Your assignment:
Take the records below and set down exactly the lines from the one with "2. Перемешайте соль, сахар" to the one with "Perubahan atau modifikasi", ends included; do not copy the pictures.

Records for the task:
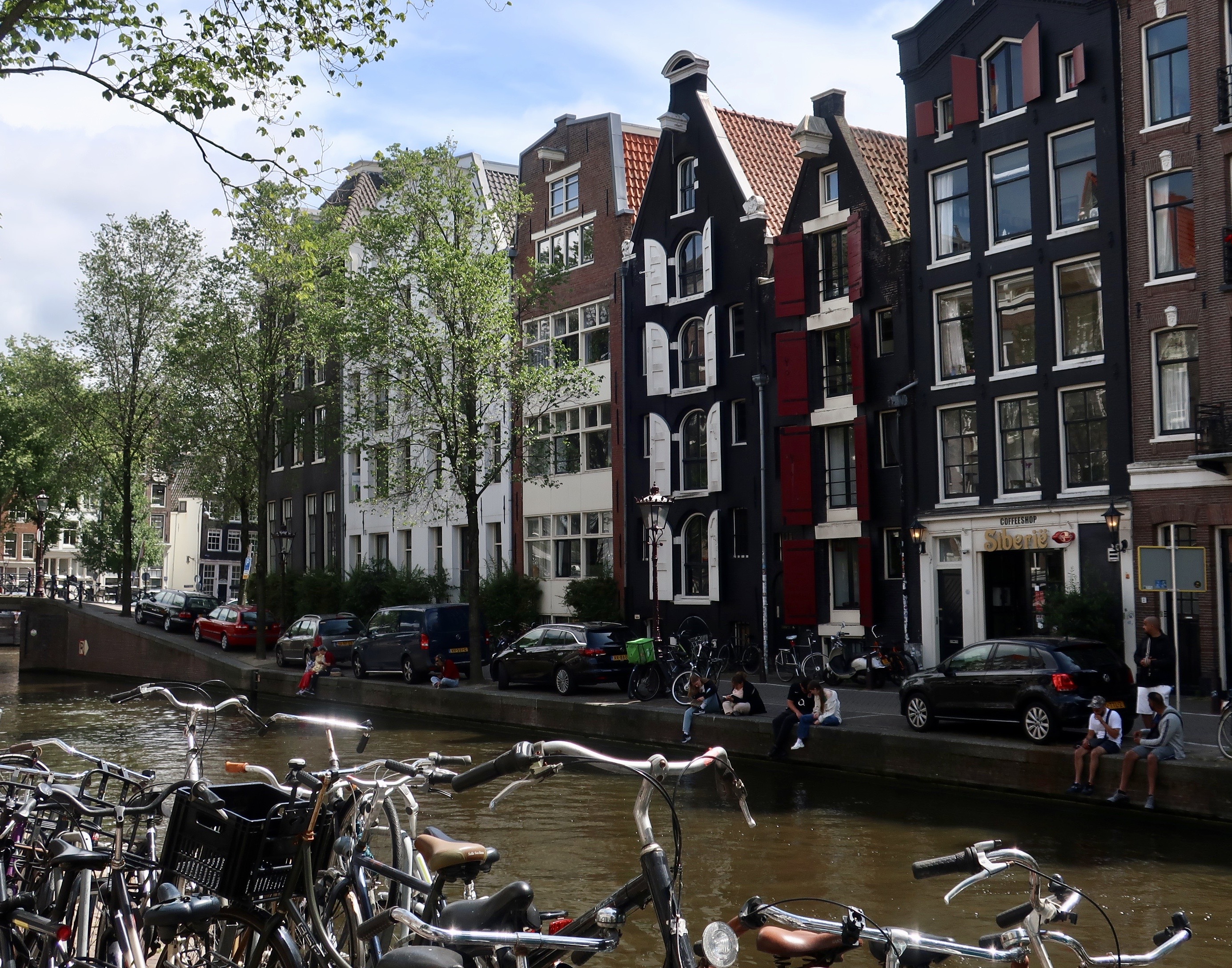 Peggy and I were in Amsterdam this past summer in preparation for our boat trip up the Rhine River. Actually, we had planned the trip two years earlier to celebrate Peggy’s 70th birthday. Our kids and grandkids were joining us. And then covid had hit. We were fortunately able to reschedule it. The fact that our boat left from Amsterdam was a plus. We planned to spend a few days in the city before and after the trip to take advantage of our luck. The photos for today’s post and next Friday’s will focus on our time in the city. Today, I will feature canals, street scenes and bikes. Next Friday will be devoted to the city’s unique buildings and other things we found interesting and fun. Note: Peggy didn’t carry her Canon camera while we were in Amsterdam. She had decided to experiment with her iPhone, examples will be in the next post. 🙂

* * *

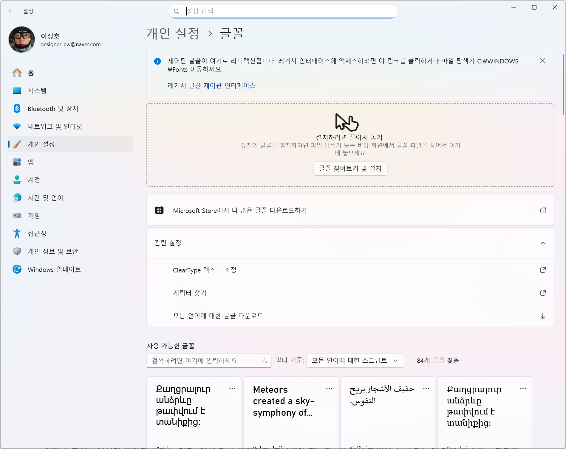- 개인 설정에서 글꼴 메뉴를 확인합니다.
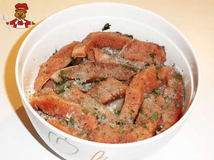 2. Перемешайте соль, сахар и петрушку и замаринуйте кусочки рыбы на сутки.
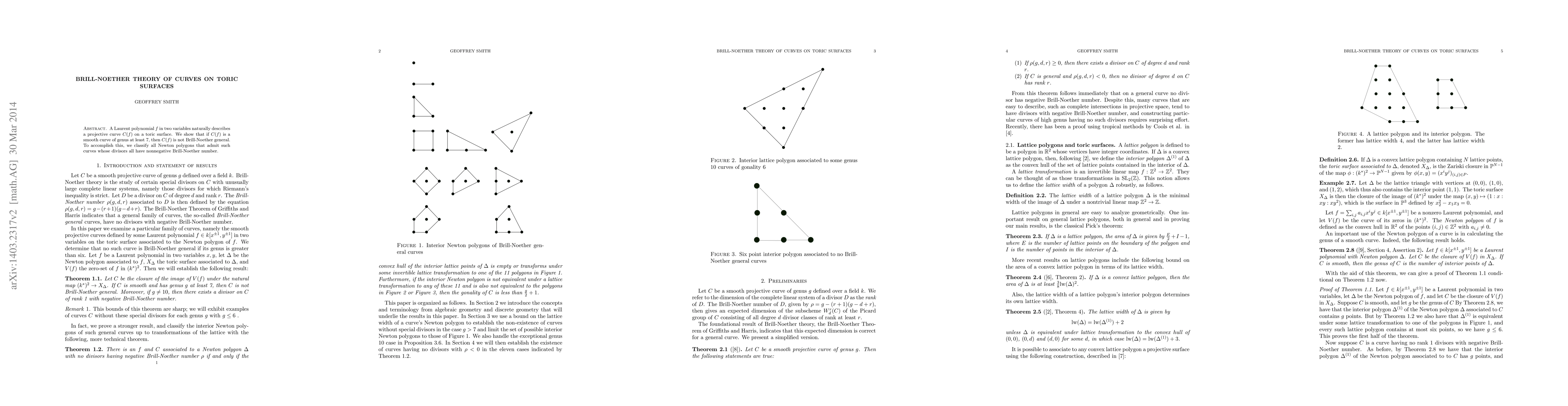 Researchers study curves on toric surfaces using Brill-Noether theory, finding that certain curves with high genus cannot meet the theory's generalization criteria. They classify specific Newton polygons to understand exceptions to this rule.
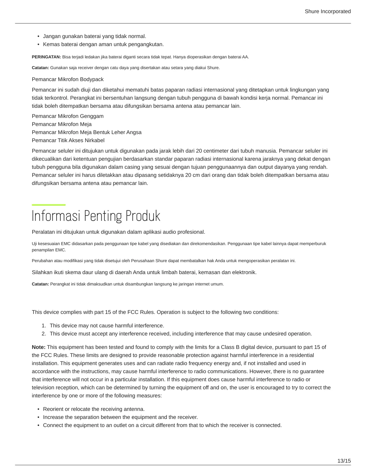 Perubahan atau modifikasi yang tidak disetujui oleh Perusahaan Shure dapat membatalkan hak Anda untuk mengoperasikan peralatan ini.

* * *

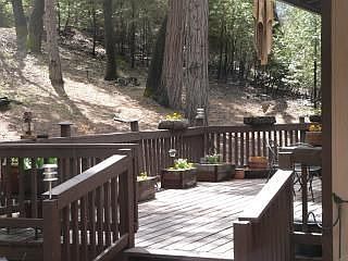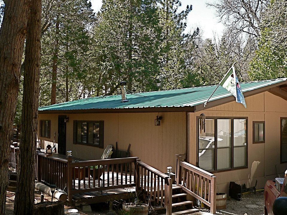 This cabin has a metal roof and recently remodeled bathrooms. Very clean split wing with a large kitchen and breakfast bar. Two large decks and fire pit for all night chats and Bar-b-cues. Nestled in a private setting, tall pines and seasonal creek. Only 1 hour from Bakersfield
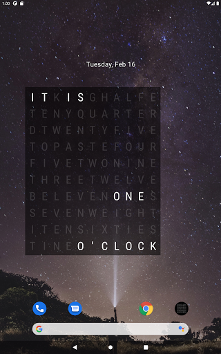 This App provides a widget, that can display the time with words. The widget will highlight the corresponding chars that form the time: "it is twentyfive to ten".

Answer to this exercise:
 2. Перемешайте соль, сахар и петрушку и замаринуйте кусочки рыбы на сутки.
 Researchers study curves on toric surfaces using Brill-Noether theory, finding that certain curves with high genus cannot meet the theory's generalization criteria. They classify specific Newton polygons to understand exceptions to this rule.
 Perubahan atau modifikasi yang tidak disetujui oleh Perusahaan Shure dapat membatalkan hak Anda untuk mengoperasikan peralatan ini.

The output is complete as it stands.